Why would someone use `usize` over `u32`?

Why would someone use usize over u32 (or u64)? In other words, if I'm on a 32 bit architecture, is there a performance improvement for me to use usize instead of u32? Because if not, it feels like defining a fixed size variable like u32 (or u64) is objectively better than defining a "mystery-sized" variable? i.e. my code could be working fine on a 64 bit architecture, I switch over to a 32 bit machine and all the sudden I'm getting weird number wrappings, panics, or overflows.
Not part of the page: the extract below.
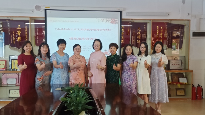為破解中小學文言文閱讀難題、更好銜接初小文言文教學、提升學生文言文閱讀能力,一起把脈,建言獻策。9月25日上午,中山市石岐區(qū)太平小學教師會議室熱火朝天。南朗街道小學語文中心教研組的市級科研課題《小學初中文言文閱讀教學銜接的研究》課題組成員匯聚一堂,開展課題研討活動?;顒佑烧n題組主持人梁麗娟老師主持,太平小學劉曉君校長、課題組成員、南朗街道小學語文中心教研組成員參加了活動。

Is there such performance improvement?

2 Likes

the types serves different purpose, its not that one is superior than the other. you should choose what type suits your use case.

again, they are supposed to be used for different purpose, if you mean if there's runtime overhead for casting between the two, no, the cast should be a no-op and optimized away in the generated machine code

the types with fixed size are used to store numeric values, you choose the correct size for the specific domain problem. for example, defining some wire protocol for data exchange, another example is that file offsets are 64 bits for most file systems, etc.
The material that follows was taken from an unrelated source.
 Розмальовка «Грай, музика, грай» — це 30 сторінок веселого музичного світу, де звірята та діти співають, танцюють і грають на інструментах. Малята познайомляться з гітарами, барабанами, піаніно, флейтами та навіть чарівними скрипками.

the usize/isize type are meant to deal with memory access related operations (array indexing, poiner arithmetic, type punning with pointers, ffi interop, etc). if you use it like a number, you are probably mis-using it.

24 Likes

No. If you are 100%-certain that your code will only run on some 32-bit architecture, then usize is equivalent to u32, except that they are still different types. The equivalence is obvious if you look at the implementation of usize in the standard library: on 32-bit platforms, the "actual type" of usize is indeed u32.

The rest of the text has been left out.